ValueError: Invalid parameter estimator for estimator Pipeline(memory=None,
         steps=[('sel',
                 SelectKBest(k=10,
                             score_func=<function mutual_info_regression at 0x7fd2ff649cb0>)),
                ('svr',
                 SVR(C=1.0, cache_size=200, coef0=0.0, degree=3, epsilon=0.1,
                     gamma='scale', kernel='rbf', max_iter=-1, shrinking=True,
                     tol=0.001, verbose=False))],
         verbose=False). Check the list of available parameters with `estimator.get_params().keys()`.
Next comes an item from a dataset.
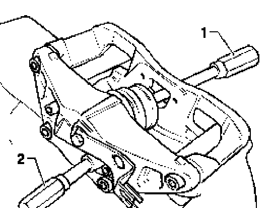 Note: Place a wooden board into the recess of the caliper housing to catch the piston so it is not damaged.

当我按照错误消息中的建议打印estimator.get_params().keys()时，我得到：

cv
error_score
estimator__memory
estimator__steps
estimator__verbose
estimator__sel
estimator__svr
estimator__sel__k
estimator__sel__score_func
estimator__svr__C
estimator__svr__cache_size
estimator__svr__coef0
estimator__svr__degree
estimator__svr__epsilon
estimator__svr__gamma
estimator__svr__kernel
estimator__svr__max_iter
estimator__svr__shrinking
estimator__svr__tol
estimator__svr__verbose
estimator
iid
n_jobs
param_grid
pre_dispatch
refit
return_train_score
scoring
verbose
Fitting 5 folds for each of 405 candidates, totalling 2025 fits

但当我改变台词时：

pipeline = Pipeline(steps=[('sel',fs), ('svr', model)])

至：

pipeline = Pipeline(steps=[('estimator__sel',fs), ('estimator__svr', model)])

我知道错误：

ValueError: Estimator names must not contain __: got ['estimator__sel', 'estimator__svr']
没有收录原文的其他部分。